At the edge of the flow of people, a woman carried a ragged bundle of sticks toward the gate.
“I’ll ask her for water, like Abraham did with Sarah.”
“You mean Abraham’s servant. With Rebekah.”
“I knew that.” With Nathan in tow, Elijah pushed past several people and caught up to the woman. She wore a light gray tunic embroidered in dark blue and fastened over one shoulder. A matching turban draped her neck. Such fine clothes. Would she turn him away?
He spoke the Aramaic he learned from camel pullers on the King’s Highway. “Ma’am, can we please have a drink of water?”
The woman gave a polite nod, first to Elijah and then to Nathan behind him. “Come along, boys.” Her Aramaic carried the same accent as the bandits, but in dulcet, low-pitched tones.
“Thank you, ma’am. Would you have any bread, please?”
The woman turned. The fading light showed her eyes red with dark rings. Her face looked strong, kind, and tired. She stood straight, about as tall as Sheerah, but older. “I have no bread.”
Elijah pointed to Nathan. “Just a piece for me and my brother.” What was he doing, begging like a dog?
“Listen, son. My little boy and I have a handful of flour and a thimble of oil. I’m going home to make our last meal. See these sticks?” She patted her bundle. “By your accent, you are a Hebrew.” Her eyes found his and held them. “As sure as the Lord, your God, is alive, these sticks will make our final fire.”
She strode away, stopped, and looked over her shoulder. “You boys come along.”
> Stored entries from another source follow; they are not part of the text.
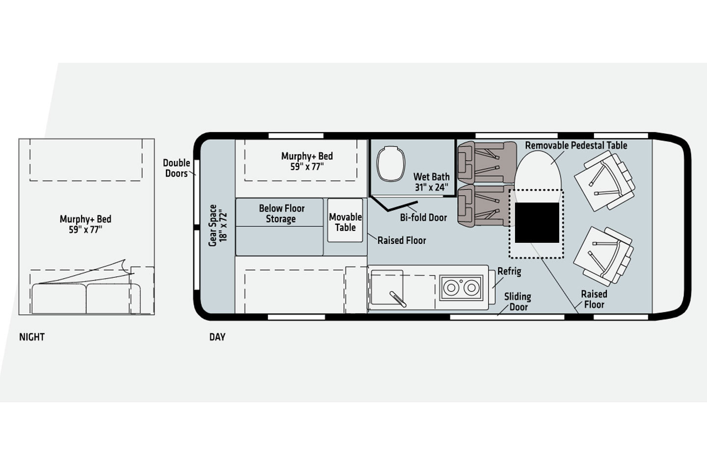 - Murphy+ bed w/mattress cover and access to below floor storage
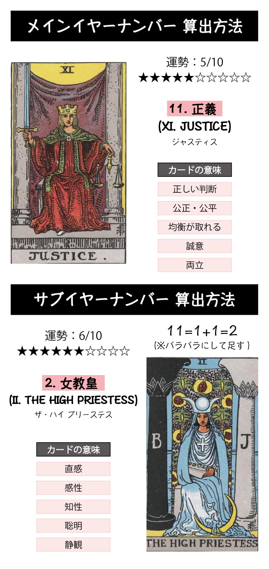 「11.正義」はバランス感覚と判断のカードのため人生のバランスを取るために色々と判断する年となり、「2.女教皇」は冷静で潜在意識が冴えているカードのため自分で自分を探す年となります。
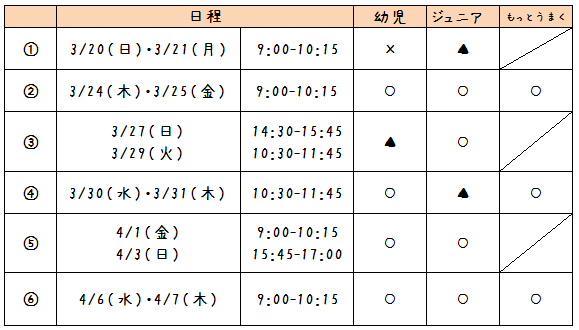春のはじめて体験教室、定員間近のクラスが増えてきました!
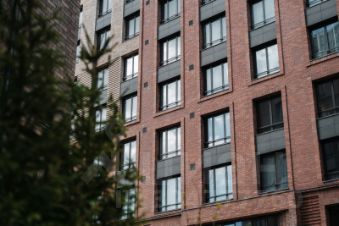 "Малоохтинский, 68" состоит из 16 секций: монолитные дома с остекленными фасадами. Главная входная группа выдержана в европейском стиле с использованием натуральных отделочных материалов. Просторные светлые вестибюли с панорамными окнами, помещение для почтовых ящиков, стойка консьержа, велосипедные и колясочные.
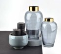 szarego dymionego szkła ze złotą kalką u nasady wazonu. Przepiękny i nowoczesny. W dzisiejszych czasach wazon to nie
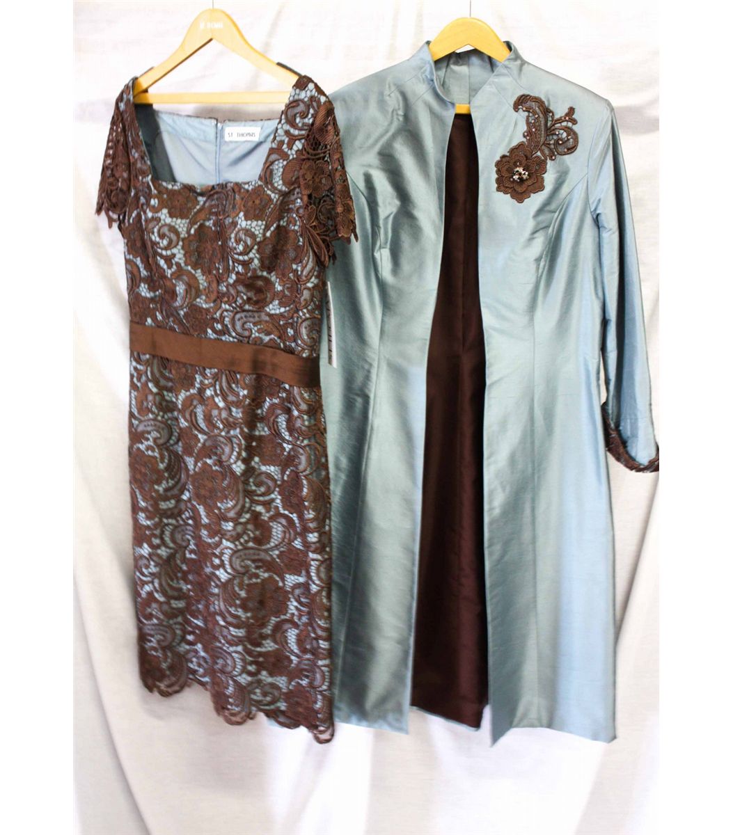 Lot [2] PIECES ASSORTED CLOTHING: [1] Knee coat with lace, size 14, [1] Lace dress over silk, size 14
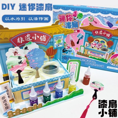 漆扇小铺儿童手工diy迷你漆扇小铺材料包非遗玩具自制非遗文化漆扇女生过家家玩具
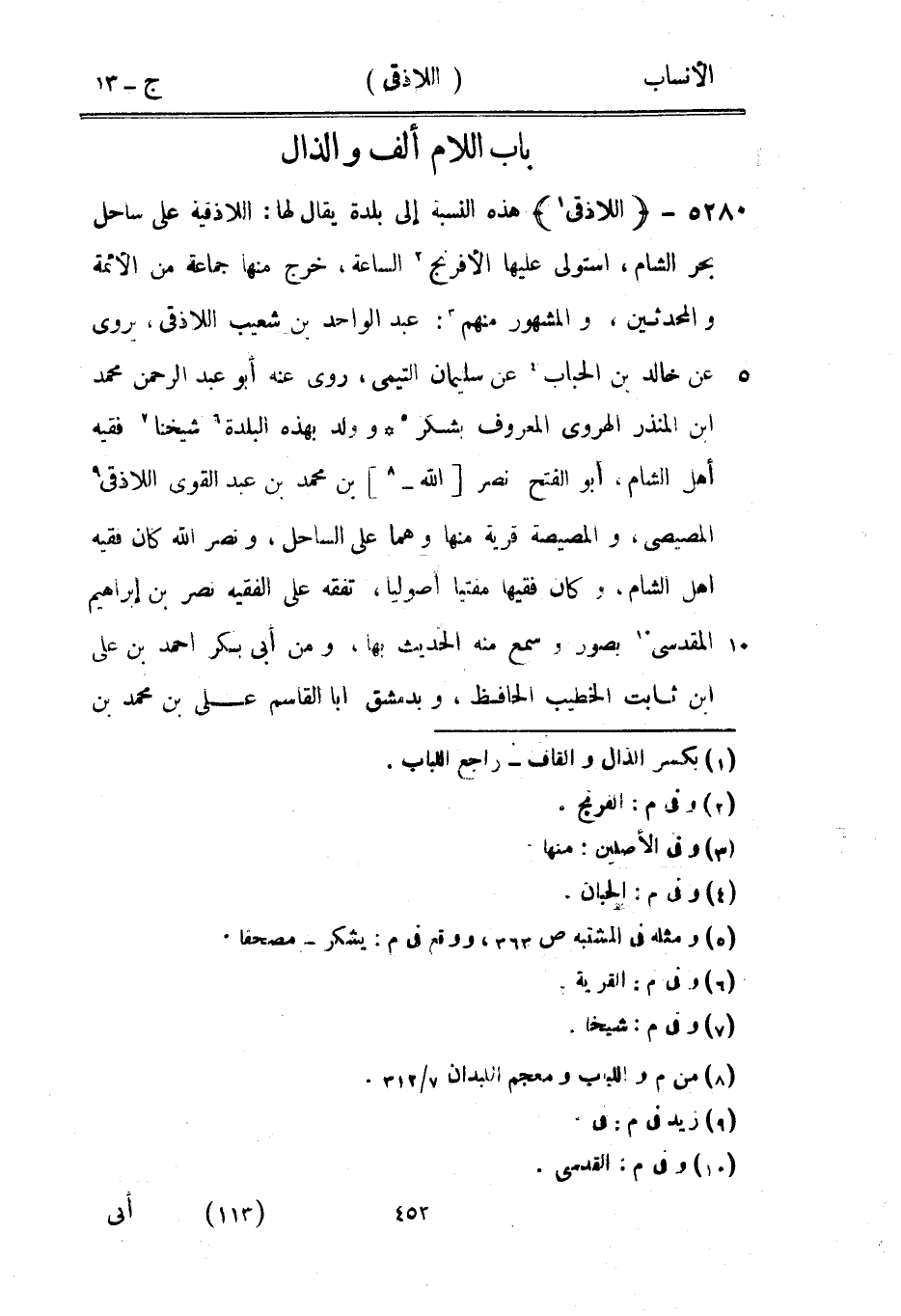 هذه النسبة إلى بلدة يقال لها: اللاذقية على ساحل بحر الشام، استولى عليها الأفرنج [2] الساعة، خرج منها جماعة من الأئمة والمحدثين، والمشهور منهم [3] : عبد الواحد بن شعيب اللاذقي، يروى عن خالد بن الحباب [4] عن سليمان التيمي، روى عنه أبو عبد الرحمن محمد ابن المنذر الهروي المعروف بشكر [5] وولد بهذه البلدة [6] شيخنا [7] فقيه أهل الشام، أبو الفتح نصر [الله-[8]] بن محمد بن عبد القوى اللاذقي [9] المصيصي، والمصيصة قرية منها وهما على الساحل، ونصر الله كان فقيه أهل الشام، وكان فقيها مفتيا أصوليا، تفقه على الفقيه نصر بن إبراهيم المقدسي [10] بصور وسمع منه الحديث بها، ومن أبى بكر احمد بن على ابن ثابت الخطيب الحافظ، وبدمشق ابا القاسم على بن محمد بن
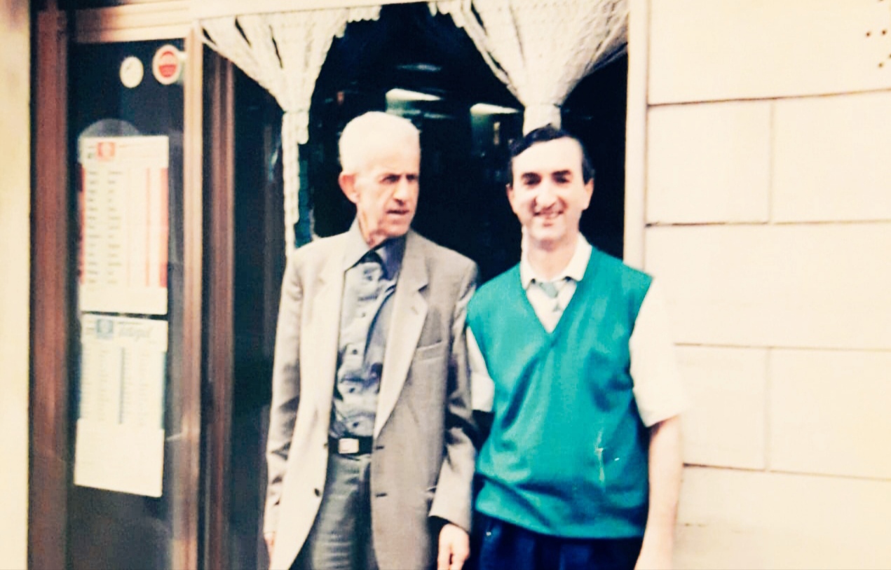 Manfredonia – UNA rara foto che ritrae due grandi personaggi del paese – Tonino Pollicino, insieme al maestro Pinuccio “U Cinume Priatorjie”…Tonino è stato l’ anima di un paese, che ha visto passare tanti eventi – buoni e cattivi . Ricordo anni fa , lui, storico del mestiere di barista … Quando esistevano certe radio d’ avanguardia e di una grande novità .I famosi Forbicioni, molto amici di Tonino…parlavano spesso di lui nei programmi, mentre io vivevo in Toscana.Oggi, ho saputo della triste notizia di Antonio, col suo passo leggero e fisico magro…tornare in un nuovo mondo ,con le sue battute inconsuete e di vita popolare in una risata a tempo.
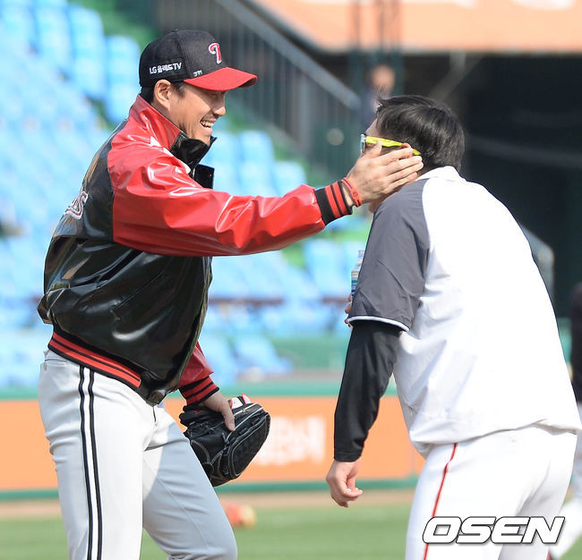 7일 오후 대전시 한화생명 이글스 파크에서 열리는 '2015 타이어뱅크 KBO 리그' 한화 이글스와 LG 트윈스의 경기 시작전 봉중근과 송은범이 이야기를 나누고 있다.
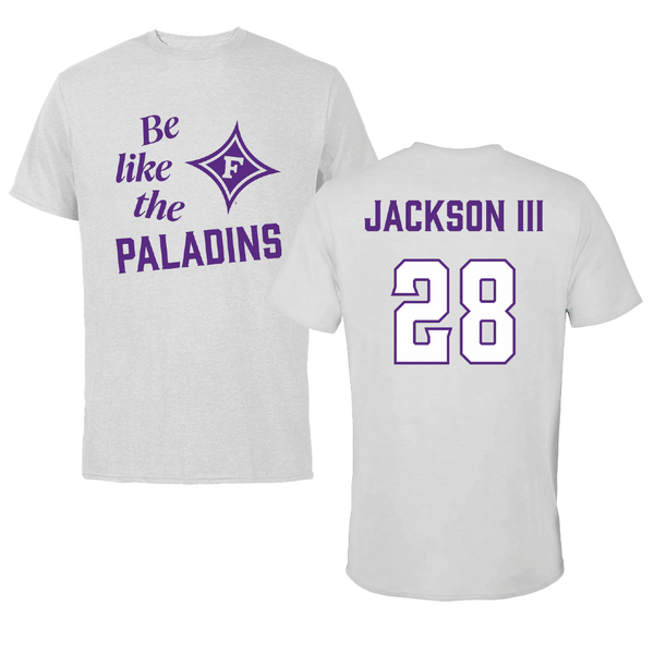 Furman University Football Light Gray Be Like Us Tee - #28 Eddie Jackson III
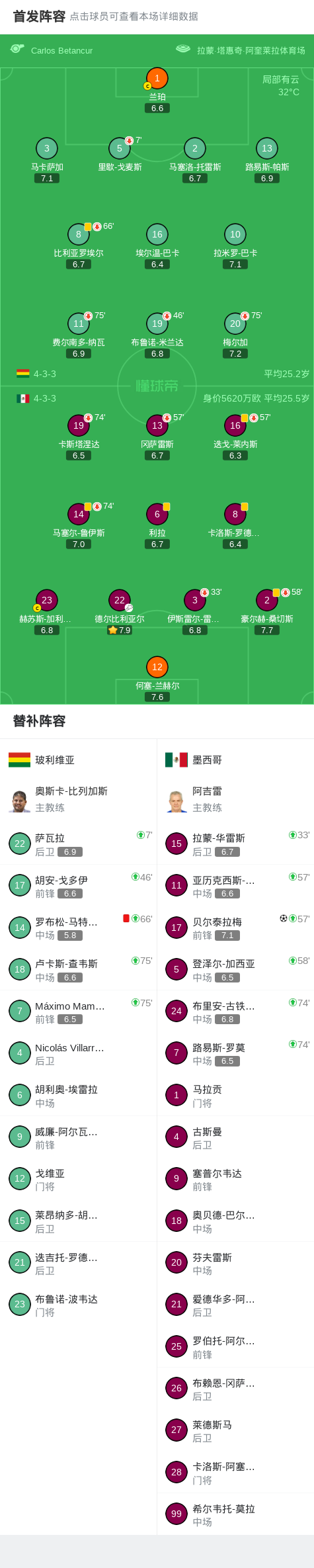 国际友谊赛,玻利维亚对阵墨西哥。德尔比利亚尔送出助攻,贝尔泰拉梅破门得分。罗布松-马特乌斯被罚出场。最终比分玻利维亚0–1墨西哥。
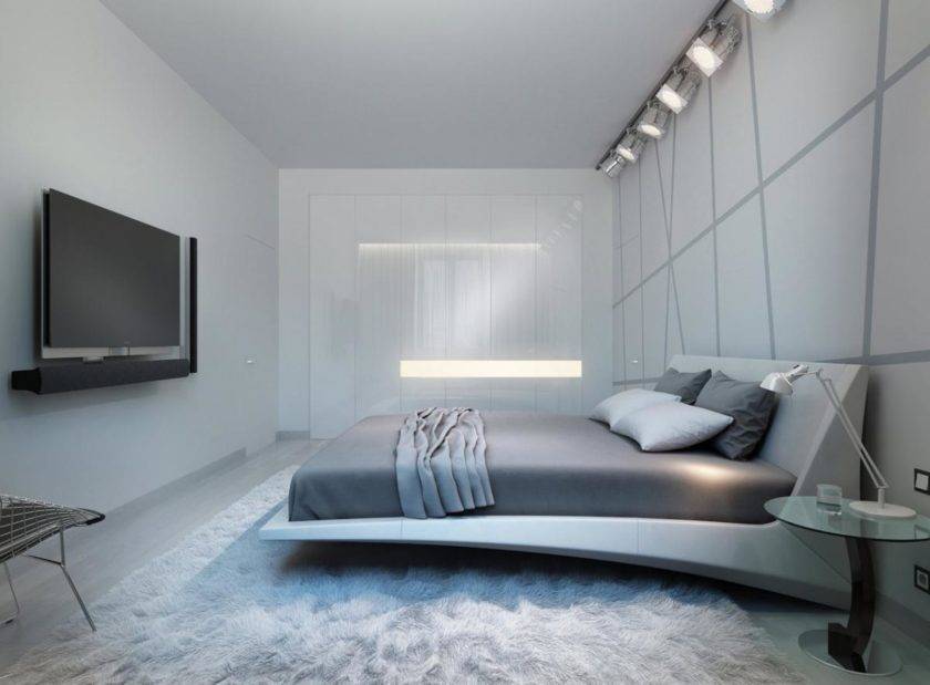 Палитры, которые любит спальня в стиле хай-тек: фиолетовая, стальная, белая, черная.
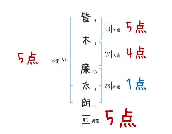 外運![]() | 皆木廉太朗さんの外運は24画の5つ星!家庭運が良く順調な人生。金運にも恵まれる。 生活面を象徴する運勢です。外部から受ける影響力を表し、結婚運、家庭運や職場、環境への順応性を表します。 |
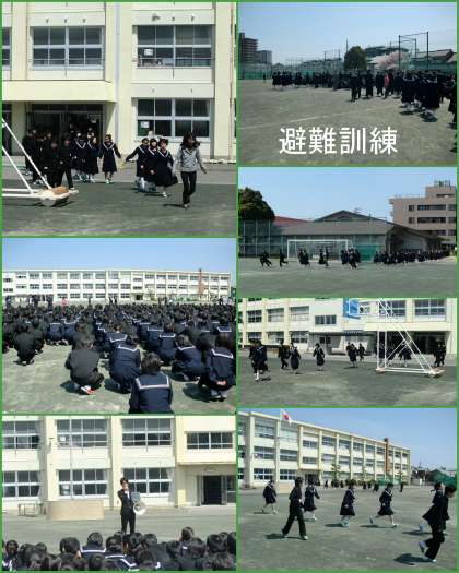 3限には、避難訓練を行いました。今日は地震発生を想定して行いましたが、新しい教室からの正しい避難経路を知ることも大きな目的の一つでした。全校842名の避難完了に、6分6秒かかりました。係の先生から、緊急時の初期避難は5分以内が安全が保てる時間と聞き、気を引き締めました。
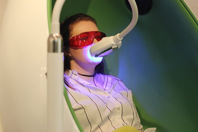 Das Gel enthält ein aktives Bleichmittel, welches durch UV Licht aktiviert wird. Es dringt in die Verfärbungen auf der Zahnoberfläche ein und löst diese auf, ohne dabei Zahnfleisch oder Zahnschmelz anzugreifen. Wichtig ist, dass Implantate, Brücken und Kronen nicht behandelt werden können, da die Aufhellung dort nicht funktioniert.
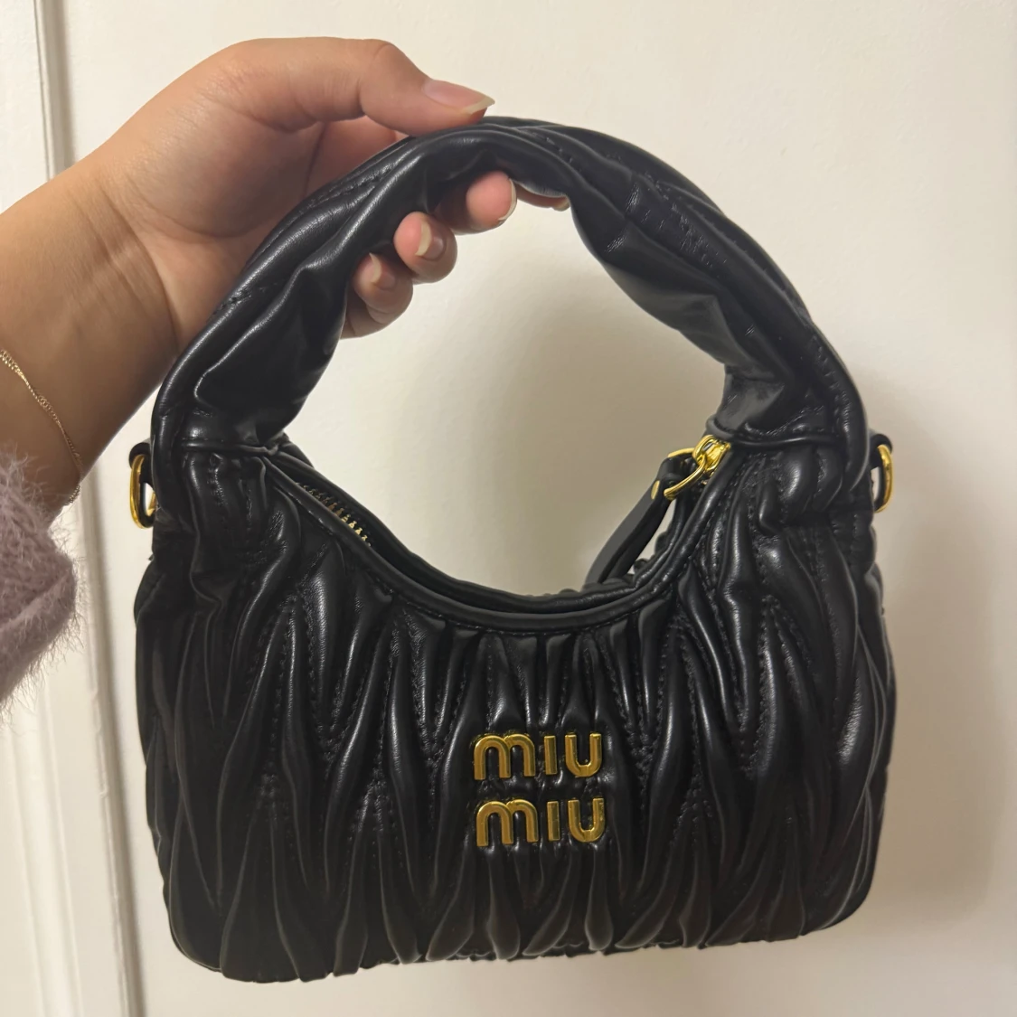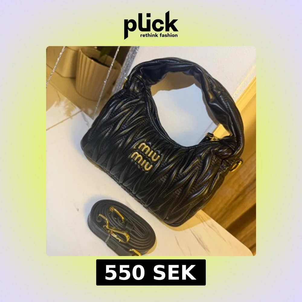 Snygg svart axelväska i quiltat skinn med guldiga detaljer och logotyp framtill. Väskan har en mjuk, rundad form och medföljande axelrem med guldfärgade spännen. Perfekt för dig som gillar lyxiga accessoarer med cool vibe.

Elijah spread his feet, thrust back his shoulders, and raised his voice. “Don’t you worry about a thing, ma’am. Just make a piece for me first.”
Why couldn’t he be quiet about this? Where had his manners gone? Several people stopped and glanced from Elijah to the woman, and back to Elijah.
The woman turned and opened a slow smile.
He returned her smile and pointed to Nathan standing next to the gate pillar. “And a piece for my brother, ma’am.” Dad would be so ashamed of him.
The gawkers eyed Elijah. They edged a step closer to this foreigner who begged from a woman of wealth who claimed she was starving. Two soldiers marched out to the open doors of the gate. Whatever this brief show meant, the city was about to close for the night.
Elijah stood on the balls of his feet and raised his chin. “After bread for me and my brother, bake up a storm for you and your little boy because this is what’s going to happen.” Forget the onlookers. He raised his voice. “That handful of flour? That thimble of oil? The Lord says they’re going to last and last and last. Ma’am, you’re going to be pouring that oil and sifting that flour and baking that bread until the Lord sends rain on this land.”
Mouths opened, and people stepped away.
The woman shook her head. “Guess I’ve heard everything now.” She walked off, and the spectators melted into the crowd.
Elijah swung around. “Nathan?” Twilight would soon touch the sky, not the time to lose track of his brother.
Eyes down and arms tucked close to his sides, Nathan inched out from behind the pillar.
Elijah pursed his lips. At least in Jabesh, Nathan could hide behind Balak and Baalam.
“Stick with me, Nate.” Such a gracious lady. Had he really said that about flour and oil? He pushed into the crowd and followed the woman through the city gate.